ZR-1 Maintenance Tips

General Maintenance

by Jim VanDorn


The most common call we receive by far is from a confused ZR1 owner. After years of reading everything from which thermostat to use, to what type of spark plug is best, the average owner is totally and completely confused...and for good reason. There are many varied opinions of what is best for our cars but that may depend greatly on how you use your ZR1.


After seven years plus, many ZR1's are finally accruing some mileage. We have had the opportunity to closely inspect many engines with a variety of types of use from normal street driving to severe "weekend" use (track time). Compiling this information we can now offer the ZR1 owner some observations. One rule we've adopted after hearing so many owners say the same thing is the "DIMWIT" or "Darn, if I didn't Mess With IT" rule. In other words, if you didn't have a problem, then what are your intentions in the first place? To date, the only company known to have a fleet of engineering ZR1's to test with was GM and it's affiliates.


Therefore, we must ask ourselves if their suggested procedures and parts recommendations should have a considerable amount of merit. Obviously they do, but on the other hand, there are no doubt areas for improvement. Although we will begin our segment discussing the routine and normal maintenance of the ZR1, there are many areas where an upgrade will be suggested.
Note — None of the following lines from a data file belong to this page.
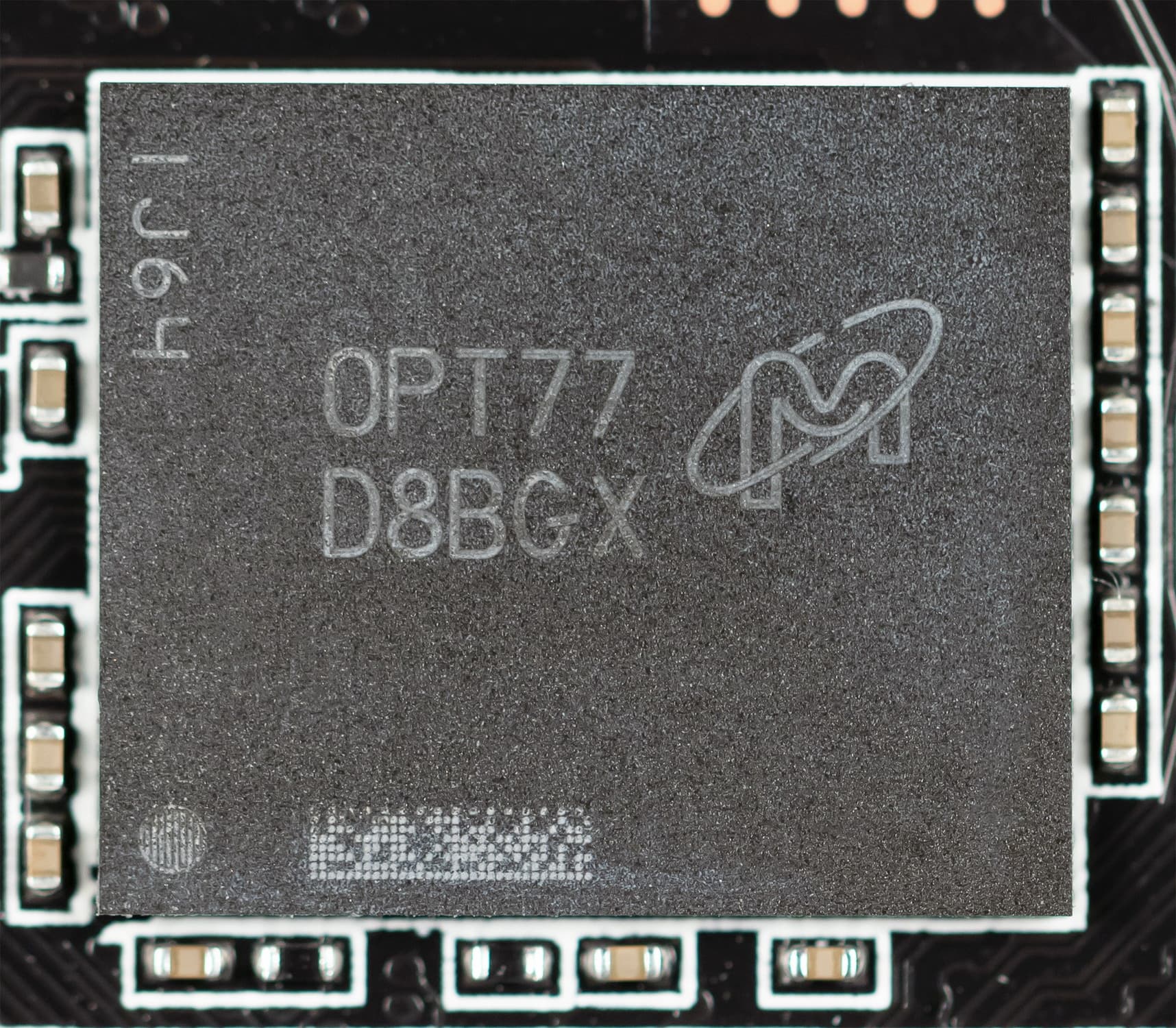 На той же стороне имеется ШИМ-контроллер uPI Semiconductor uP9512Q, который управляет 4-фазной схемой питания микросхем памяти.
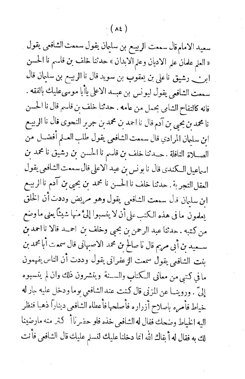 سَعِيدٍ الإِمَامُ قَالَ سَمِعْتُ الرَّبِيعَ بْنَ سُلَيْمَانَ يَقُولُ سَمِعْتُ الشَّافِعِيَّ يَقُولُ الْعِلْمُ عِلْمَانِ عِلْمُ الأَدْيَانِ وَعِلْمُ الأَبْدَانِ حَدَّثَنَا خَلَفُ بْنُ قَاسِمٍ نَا الْحسن ابْن رَشِيقٍ نَا عَلِيُّ بْنُ يَعْقُوبَ بْنِ سُوَيْدٍ قَالَ نَا الرَّبِيعُ بْنُ سُلَيْمَانَ قَالَ سَمِعْتُ الشافعى يَقُول ليونس بن عبد الاعلى يَا أَبَا مُوسَى عَلَيْكَ بِالْفِقْهِ فَإِنَّهُ كَالتُّفَّاحِ الشَّامِيِّ يُحْمَلُ مِنْ عَامِهِ حَدَّثَنَا خَلَفُ بْنُ قَاسِمٍ قَالَ نَا الْحَسَنُ نَا مُحَمَّدُ بْنُ يَحْيَى بْنِ آدَمَ قَالَ نَا أَحْمَدُ بْنُ مُحَمَّدِ بْنِ جَرِيرٍ النَّحْوِيُّ قَالَ نَا الرَّبِيعُ ابْن سُلَيْمَانَ الْمُرَادِيُّ قَالَ سَمِعْتُ الشَّافِعِيَّ يَقُولُ طَلَبُ الْعِلْمِ أَفْضَلُ مِنَ الصَّلاةِ النَّافِلَةِ حَدَّثَنَا خَلَفُ بْنُ قَاسِمٍ نَا الْحَسَنُ بْنُ رَشِيقٍ نَا مُحَمَّدُ بْنُ إِسْمَاعِيلَ الْكِنْدِيُّ قَالَ نَا يُونُسُ بن عبد الاعلى قَالَ سَمِعْتُ الشَّافِعِيَّ يَقُولُ الْعَقْلُ التَّجْرِبَةُ حَدَّثَنَا خَلَفٌ نَا الْحَسَنُ نَا مُحَمَّدُ بْنُ يَحْيَى بن آدم نَا الرّبيع ابْن سُلَيْمَانَ قَالَ سَمِعْتُ الشَّافِعِيَّ يَقُولُ وَهُوَ مَرِيضٌ وَدِدْتُ أَنَّ الْخَلْقَ يَعْلَمُونَ مَا فِي هَذِهِ الْكُتُبِ عَلَى أَنْ لَا يَنْسُبُوا إِلَيَّ مِنْهَا شَيْئًا يَعْنِي مَا وَضَعَ مِنْ كُتُبِهِ حَدَّثَنَا عبد الرحمن بْنُ يَحْيَى وَخَلَفُ بْنُ أَحْمَدَ قَالا نَا احْمَد بن سعيد بن أَبى مَرْيَم قَالَ نَا صَالِحُ بْنُ مُحَمَّدٍ الأَصْبَهَانِيُّ قَالَ سَمِعت أَبَا مُحَمَّد بن بنت الشافعى يَقُول سَمِعت الزعفرانى يَقُولُ وَدِدْتُ أَنَّ النَّاسَ يَفْهَمُونَ مَا فِي كُتُبِي مِنْ مَعَانِيَ الْكِتَابِ وَالسُّنَّةِ وَيَنْشُرُونَ ذَلِكَ وَإِنْ لَمْ يَنْسُبُوهُ إِلَيَّ وَرُوِّينَا عَنِ الْمُزَنِيِّ قَالَ كُنْتُ عِنْدَ الشَّافِعِيِّ يَوْمًا وَدَخَلَ عَلَيْهِ جَارٌ لَهُ خَيَّاطٌ فَأَمَرَهُ بِإِصْلاحِ أَزْرَارِهِ فَأَصْلَحَهَا فَأَعْطَاهُ الشَّافِعِيُّ دِينَارًا ذَهَبًا فَنَظَرَ إِلَيْهِ الْخَيَّاطُ وَضَحِكَ فَقَالَ لَهُ الشَّافِعِيُّ خُذْهُ فَلَوْ حَضَرَنَا أَكْثَرُ مِنْهُ مَا رَضِينَا لَكَ بِهِ فَقَالَ لَهُ أبقاك الله انما دَخَلنَا عَلَيْك لِنُسَلِّمَ عَلَيْكَ قَالَ الشَّافِعِيُّ فَأَنْتَ
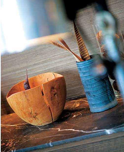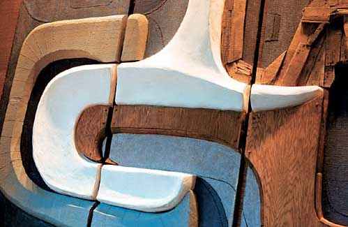 希尔创作的一幅抽象“风景”现在悬挂在办公室的沙发床上方,它原先悬挂在“西村”公寓的大理石壁炉架的上方。切尔西的起居室内没有壁炉,因此,公寓内最大程度的焦点便是一套巨大的三幅相联画,它布置在沙哈专门为此而保留的柔和照明壁龛内。15英尺宽三幅相联画是这对夫妇共同确认的产物。它是希尔在一间单独的工作室内花费了10天的时间,用树脂浅浮雕、粗麻布以及从肉类加工区街道上捡来的碎木料组合而成的。在绘制巴尼斯纽约精品店(Barneys New York)的壁画以及为伯格道夫.古德曼百货商店(Bergdorf Goodman)橱窗展示设计雕琢造型的数年经验表明,希尔能够轻松地遵循设计师的引导。然而,在他自己的家中,艺术家和设计师进行了完美的配合。

Please understand that these are personal opinions and experiences and are not intended to conflict with service procedures outlined in the appropriate service manual.

There are several concerns with regards to the AC system on our cars. If your AC is cold, then leave it alone. If it fails to cool to your expectation, then servicing might be in order. A certified AC technician will reclaim any remaining freon from the system, then replace both shrader valves (under the caps-look like bicycle valve stems) and either clean or replace the orifice tube which is located within the low pressure line. After a leak test, the system can be refilled to proper specification.

If your system suddenly gets warm, makes noise or emits smoke, then a more dramatic problem has occurred. Compressor failures with the Nipendenso compressor are quite common. The compressor comes separate from the clutch so both must be ordered and are strongly suggested to be replaced as a set. The plenum must be removed for this procedure..

The Corvette AC system is engineered using several types of metals. Unfortunately, some of these metals don't quite like each other all that well. An example is the AC lines which are made of an aluminum alloy but attached with a steel nut to an aluminum thread. In many cases, these lines become frozen to the component (drier or evaporator) causing them to be damaged during the removal attempt.


Don't blame your local technician when this occurs, this is an existing engineering problem. All fittings should be treated with either a teflon tape or anti-sieze equivalent when reinstalled. Although the 90-93 ZR1's were designed using the no longer manufactured R12 type freon, these systems can be converted to the newer R134a freon using basically stock components after a thorough cleaning and resealing operation is performed. Obviously, the best time to consider the changeover is when the system requires a major repair such as a compressor change.

Note: Always have the accumulator/drier replaced when changing the compressor.